In the Age of AutoML, we are all Data Scientists! | Artificial Intelligence (AI) has become increasingly essential to our daily routine lives.

PREDICTING A KAGGLE COMPETITION BASELINE: TITANIC SPACESHIP DATASET BY USING SMARTPREDICT PLATFORM

Published on May 31, 2022 by Niaina Tahiana A

Predicting a Kaggle competition baseline: Titanic SpaceShip dataset by using SmartPredict platform

Introduction :

In this tutorial, we will learn how to do prediction with a Kaggle competition baseline with the Titanic SpaceShip dataset. It consists of predicting whether a passenger was transported to an alternate dimension during the Spaceship Titanic's collision with the spacetime anomaly.  You can download this dataset at this link https://www.kaggle.com/competitions/spaceship-titanic/data. This dataset contains a set of personal records recovered from the ship’s damaged computer system. 

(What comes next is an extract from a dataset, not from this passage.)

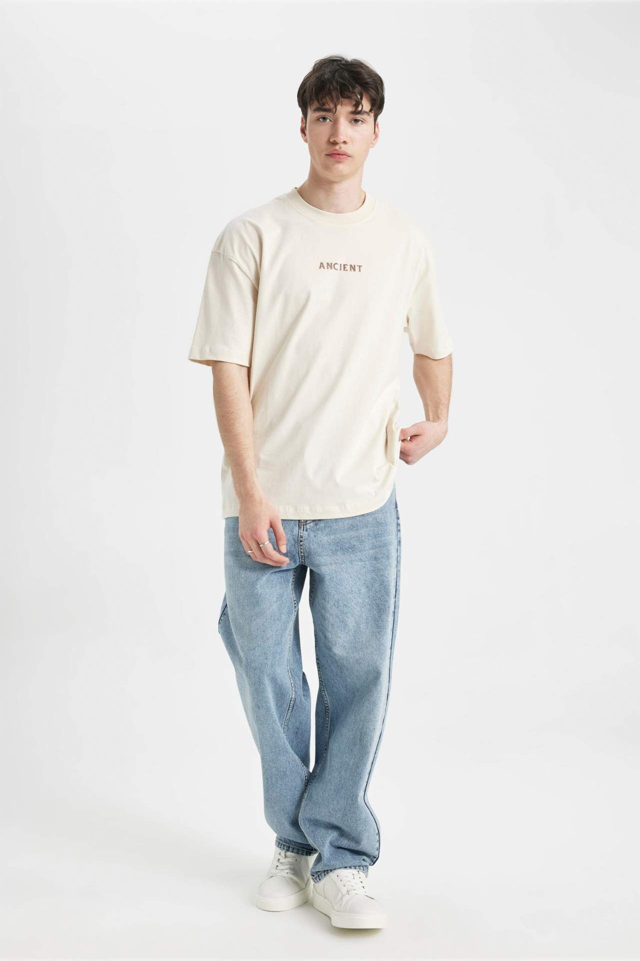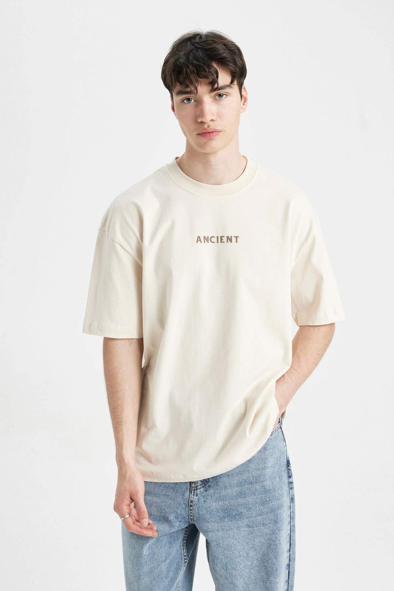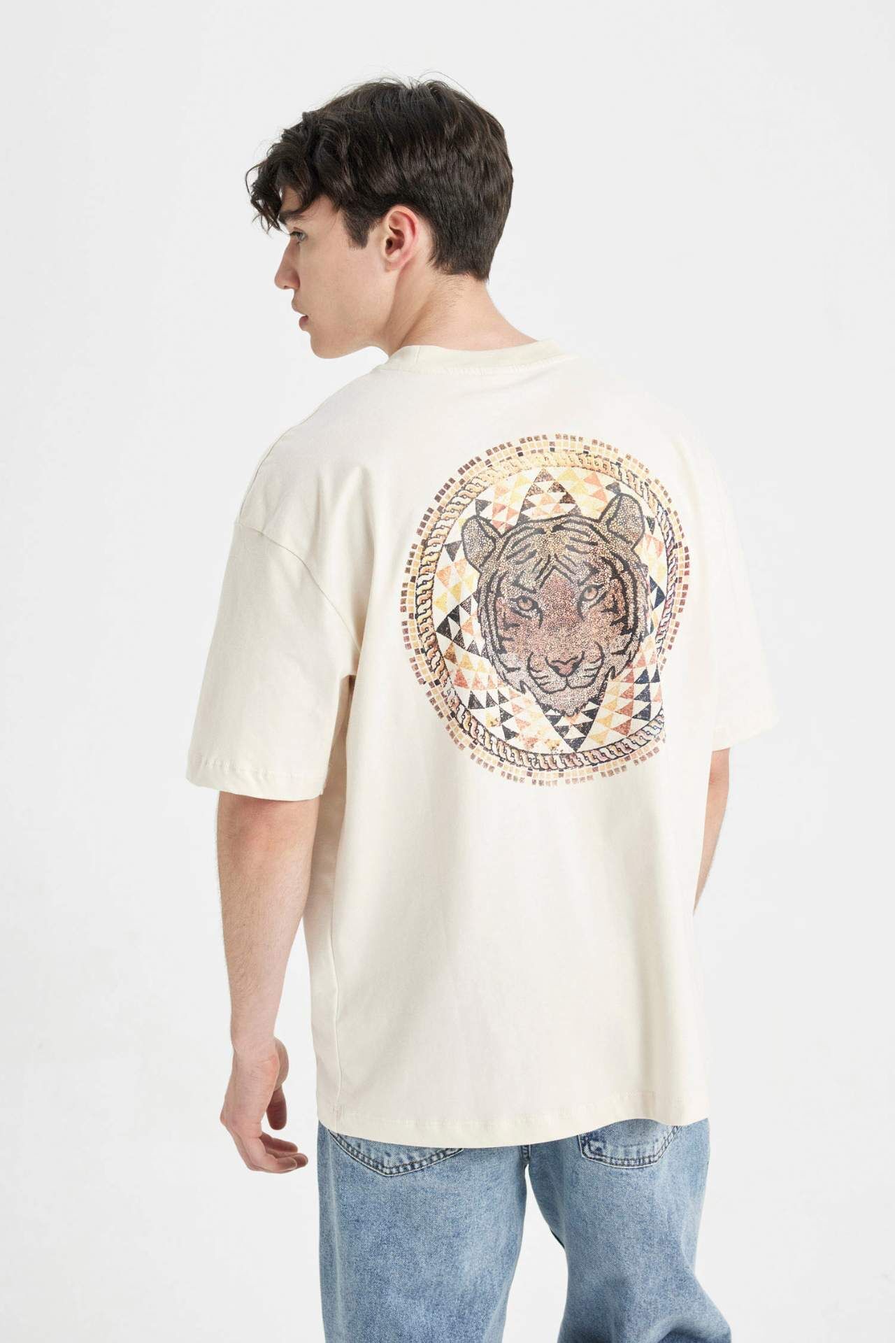 DeFacto Oversize Fit Sırt Baskılı Bisiklet Yaka Kısa Kollu Tişört

With this use case, let us help you to explore the SmartPredict Platform, how to create projects, how to run projects, how to create predictions, etc … SmartPredict procures multiple features and functionalities useful for AI projects. It contains a drag and drops functionality and many modules for building projects.

Now, let’s get started :) 

Log in SmartPredict :

If you don’t have a SmartPredict account, you should sign up here https://cloud.smartpredict.ai/register-choice. But if you already have an account, you just sign in here https://cloud.smartpredict.ai/login.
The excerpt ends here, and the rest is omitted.